• _Action item_
Each line from the one bearing "Ideias de nail" through the last line of the entries below should be returned exactly, with pictures left out.

Data excerpts
★ ★ ★ ★ ★ ★ ★

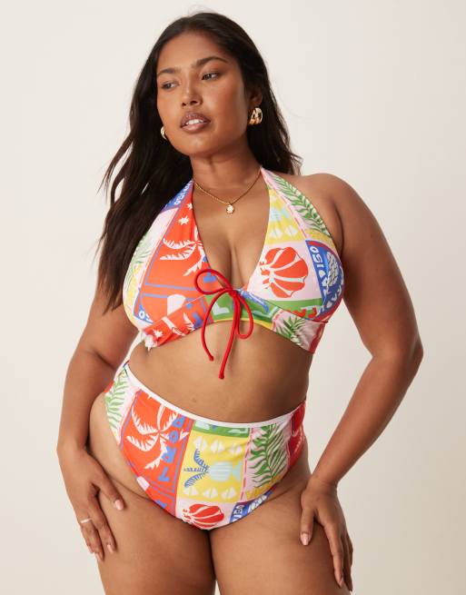 ASOS DESIGN Curve - Trinny - Top bikini a triangolo elegante con scollo profondo e stampa paradiso
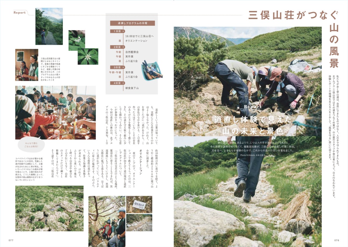 ▲北アルプス・三俣山荘で行われている「道直しプログラム」。登山道は自然にあるようで、じつは多くの人の手で守られてきました。石を運び並べ、雨水の流れを考えながら道を整える作業は、小さな一歩が未来の景色につながる体験。参加者の声からは、山を歩くことの重みや自然へのまなざしが伝わってきます。山を歩く一歩の重みを知ることで、次に目にする風景が少し違って見えるかもしれません。
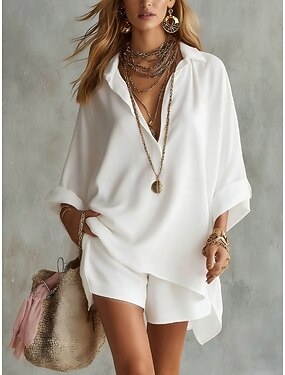 Per donna Camicia Estiva Camicia casual Camicia con Bottoni Blusa Bottoni Tinta unica Vacanza Quotidiano Elegante Manica Lunga Collo ripiegato Top Regolari Quotidiano Spiaggia Ferie Blu Rosa cipria
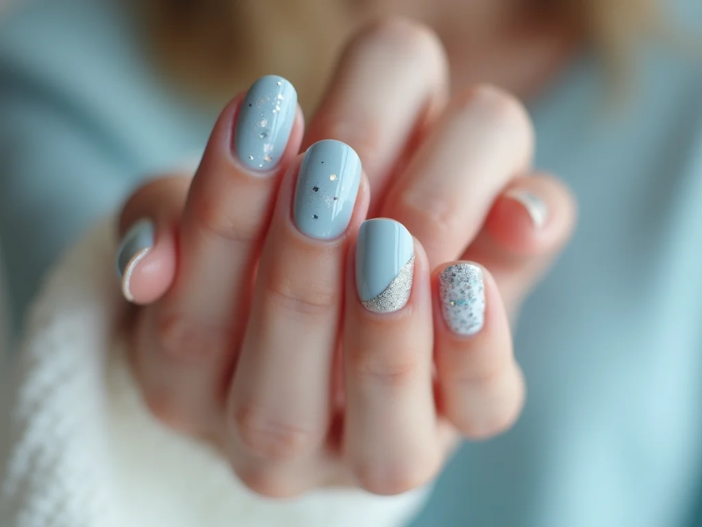 Ideias de nail art azul com acabamento cintilante.
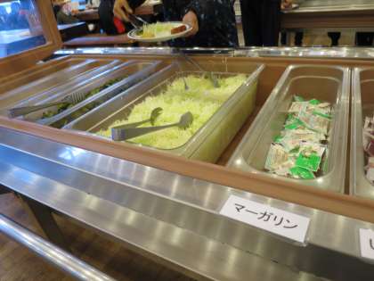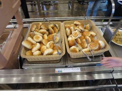 朝食のメニューは,ごはんかパン,コンソメスープかみそ汁,ミートボール,ポテトフライ,プレーンオムレツ,春雨巾着の煮物,千切りキャベツ,いちごジャム,マーガリン,ふりかけ,漬物,乳酸菌飲料です。
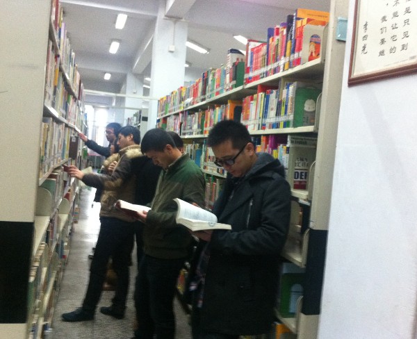 2013年12月14日,2012级2班研究生党支部在九里校区图书馆举行了“我的中国梦之——为中国崛起而读书”活动,活动于下午14:00开始,支部成员积极参与,大家在图书馆看书、读书,进行交流活动。

★ ★ ★ ★ ★ ★ ★

• _Task answer_
 Ideias de nail art azul com acabamento cintilante.
 朝食のメニューは,ごはんかパン,コンソメスープかみそ汁,ミートボール,ポテトフライ,プレーンオムレツ,春雨巾着の煮物,千切りキャベツ,いちごジャム,マーガリン,ふりかけ,漬物,乳酸菌飲料です。
 2013年12月14日,2012级2班研究生党支部在九里校区图书馆举行了“我的中国梦之——为中国崛起而读书”活动,活动于下午14:00开始,支部成员积极参与,大家在图书馆看书、读书,进行交流活动。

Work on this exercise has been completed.